僕は歌入りの音楽を聴く元気が湧いてこない時は、よくエレクトロニカ(IDM)を聴きます。単純に、肉体的に疲れてる時は歌の主張が激しい音楽を聴くのがしんどい時があるんですよね。

僕がBoards Of Canadaを知ったのは中学生の頃。Radioheadが影響を受けたエレクトロニカという音楽があるらしいと知って、Aphex TwinやAutechreと共に聴いていました。こんな経歴でエレクトロニカを聴き始めたロック好きの方、多いのでは?

とはいえ、今になって思い返してみれば、こういう音楽を聴くのがクールでカッコいいと思って無理して聴いていた節はありますけれど。IDM(Intelligent Dance Music)を聴いてれば自分もインテリジェントな人間になれるかな…なんて(笑)。

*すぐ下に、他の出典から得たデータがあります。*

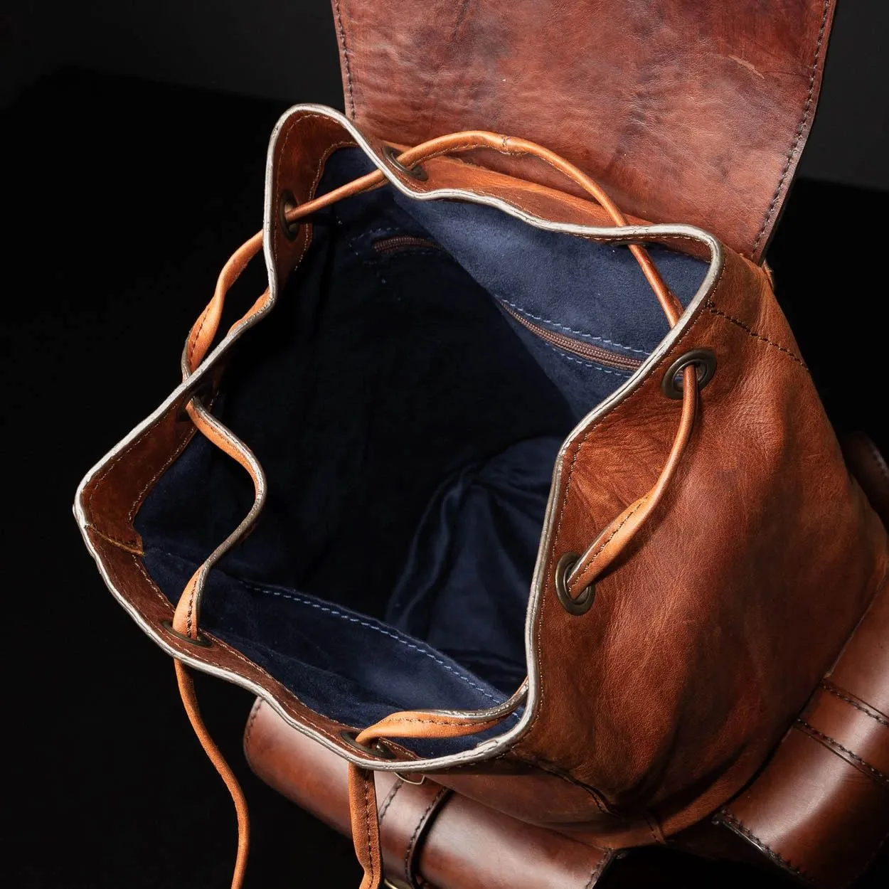 The Explorer Large Backpack is a rugged leather companion built for adventure and daily life. With a spacious interior, durable pockets, and a secure drawstring top, it balances classic style with practical storage for city streets and weekends away.

ただ、それでもBoards Of CanadaはさすがにAutechreよりは聴きやすかったですね。Boards Of Canadaの温かみのあるメロディとヒップホップ的な力強いリズムは、ロックばかり聴いてた頃の自分にとっては新鮮でした。

あれから10年以上経ってから今作を聴くと、色々と発見があります。なんと言っても、彼らの音楽で凄い点は「音色」だなあと再認識。僕は一流の電子音楽家の作品に共通するのはシンプルに「音の綺麗さ」だと思っています。Boards Of Canadaに関しては特に一音一音が命賭けと言っても過言では無いくらい磨き上げられており、自然と心が捕まれますね。色んな多種多様の音楽を聴いて比較対象が増えたからこそ、「やっぱり一流の人達は違うなあ」と強く感じるようになりました。

また、メロディは単に穏やかなだけでなくどこかサイケデリックな不穏さが潜んでるような側面があり…、単なる「癒し系音楽」とは一線を画している印象を受けます。この辺りの、聴き手を一元的な解釈に留まらせない深みもまた、一流の音楽家に共通してる点と言えるのでは無いでしょうか(これに関してはいずれ単独の記事で触れようかと思います)。

今作は名盤と名高い1stと比べると、良くも悪くもアルバム全体の流れが平坦かもしれません。曲の尺やインタールードの有無によってアルバム全体の印象って大きく変わるものですね。それでも、半分BGM代わりに聴いたりするぶんには1stよりも今作のほうが適してる印象を受けます。よりサイケデリックな作風の2ndが一番好きという方も居ますし、この辺りは好みの問題かと。

何はともあれ、今作が万人にお勧めしたい大傑作なのは間違いありません。電子音楽好きはもちろん、ゲーム音楽等が好きな方も是非。